Reality Transfer: Sim2Real — Bridging Simulation to Reality
Sim2Real (Simulation to Reality) allows robots to complete training in virtual environments and then transfer to the real world. It generates large-scale interactive data through high-fidelity simulation environments (such as NVIDIA Isaac Sim & Omniverse, DeepMind MuJoCo), significantly reducing training costs and hardware wear. Its core lies in narrowing the "simulation-reality gap," with main methods including:
Domain Randomization: Randomly adjusting parameters such as lighting, friction, and noise in simulation to enhance model generalization;
Physical Consistency Calibration: Using real sensor data to calibrate the simulation engine, enhancing physical realism;
Adaptive Fine-tuning: Rapid retraining in real environments to achieve stable transfer.
Sim2Real is a central link in the landing of embodied intelligence, enabling AI models to learn the closed loop of "perception—decision—control" in a safe, low-cost virtual world. Sim2Real has matured in simulation training (e.g., NVIDIA Isaac Sim, MuJoCo), but reality transfer is still limited by the Reality Gap, high computing power and annotation costs, and insufficient generalization and safety in open environments. Nevertheless, Simulation-as-a-Service (SimaaS) is becoming the lightest yet most strategically valuable infrastructure in the era of embodied intelligence, with business models including platform subscriptions (PaaS), data generation (DaaS), and security verification (VaaS).
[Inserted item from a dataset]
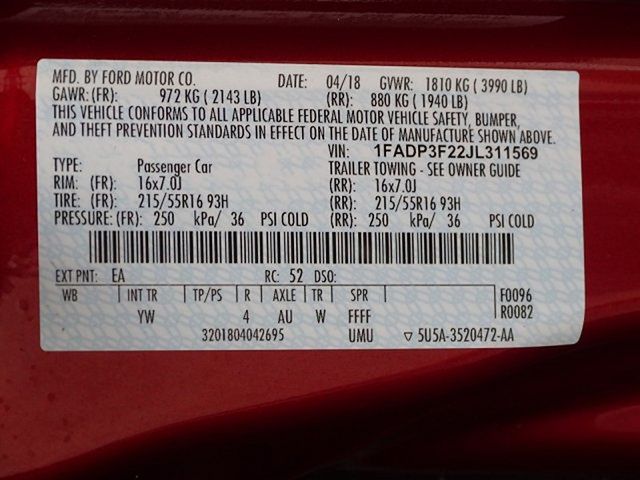 VIN: 1FADP3F22JL311569
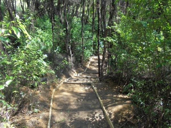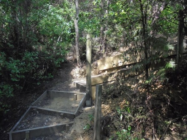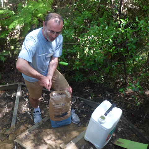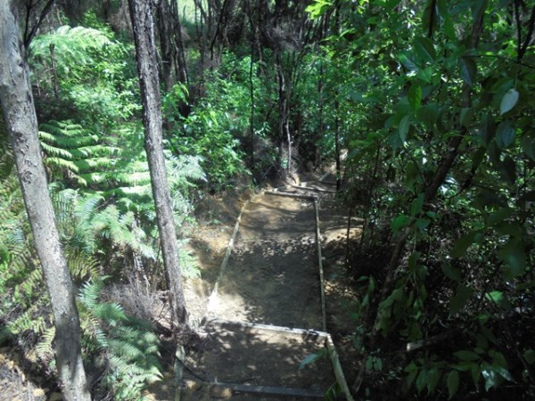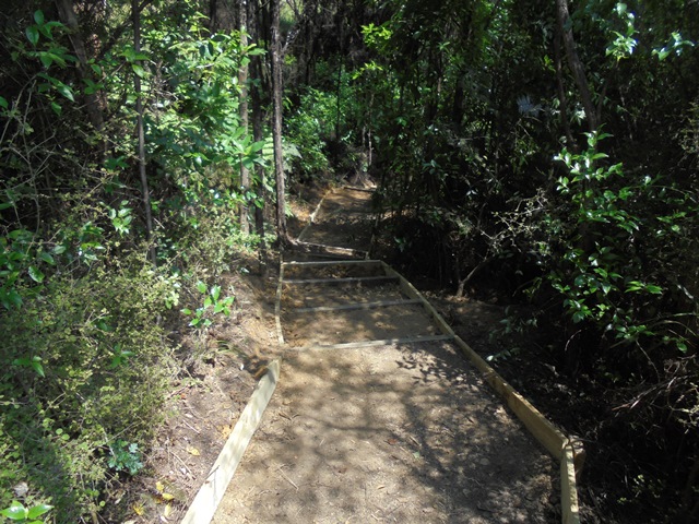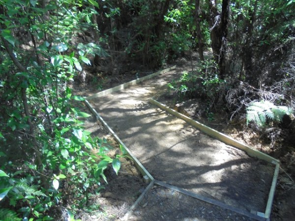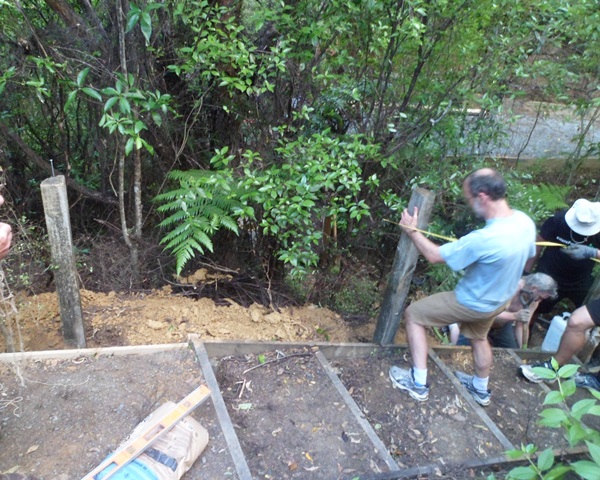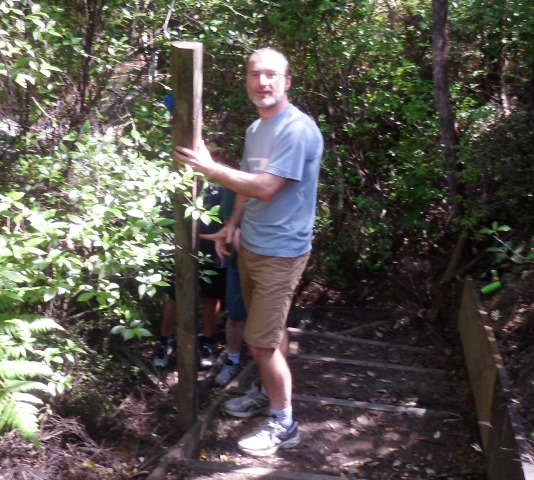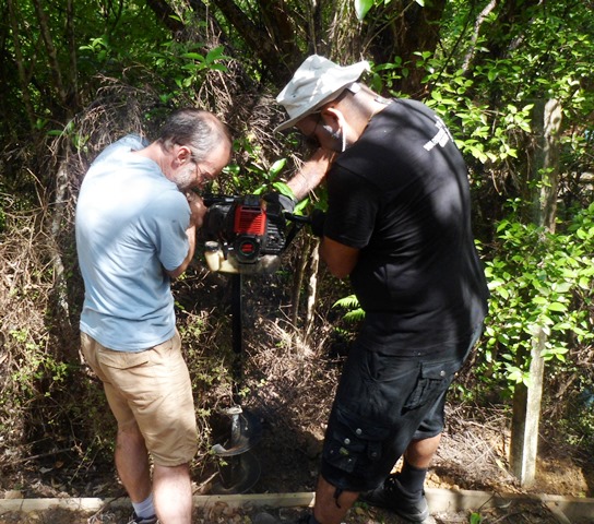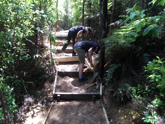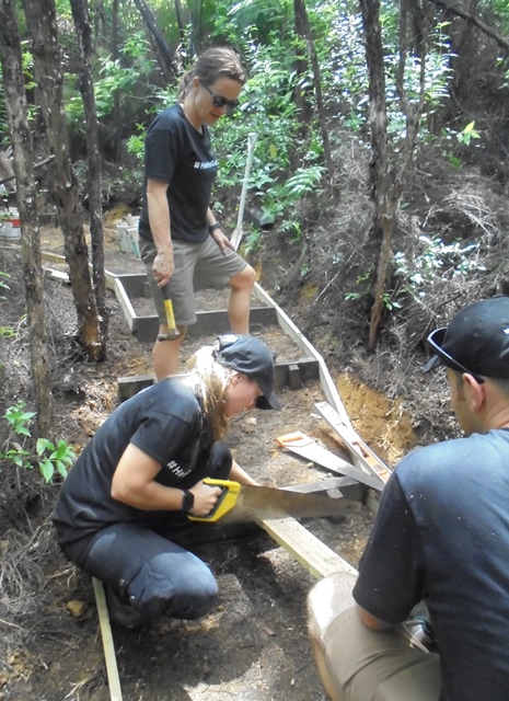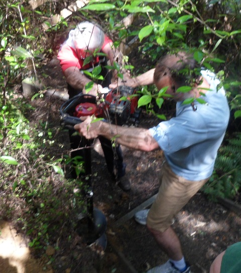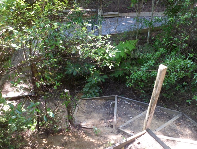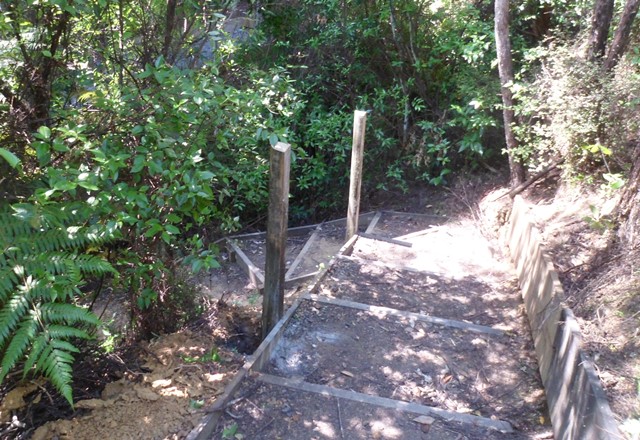 Digging the holes was a real challenge. In addition to tree roots they also had to contend with hard sandstone as the steps lead down to the stream.

Cognitive Modeling: World Model — The "Inner World" of Robots
World Model is the "inner brain" of embodied intelligence, allowing robots to internally simulate environments and the consequences of actions, achieving prediction and reasoning. By learning the dynamic laws of the environment, it constructs predictable internal representations, enabling agents to "rehearse" outcomes before execution, evolving from passive executors to active reasoners. Representative projects include DeepMind Dreamer, Google Gemini + RT-2, Tesla FSD V12, NVIDIA WorldSim, etc. Typical technical paths include:
Latent Dynamics Modeling: Compressing high-dimensional perception into latent state space;
Imagination-based Planning: Virtual trial-and-error and path prediction within the model;
Model-based RL: Using world models to replace real environments, reducing training costs.
World Model is at the theoretical forefront of embodied intelligence, representing the core path for robots to transition from "reactive" to "predictive" intelligence, but it is still limited by challenges such as complex modeling, unstable long-term predictions, and a lack of unified standards.
Collective Intelligence and Memory Reasoning: From Individual Action to Collaborative Cognition
Multi-Agent Systems and Memory & Reasoning represent two important directions in the evolution of embodied intelligence from "individual intelligence" to "collective intelligence" and "cognitive intelligence." Together, they support the collaborative learning and long-term adaptability of intelligent systems.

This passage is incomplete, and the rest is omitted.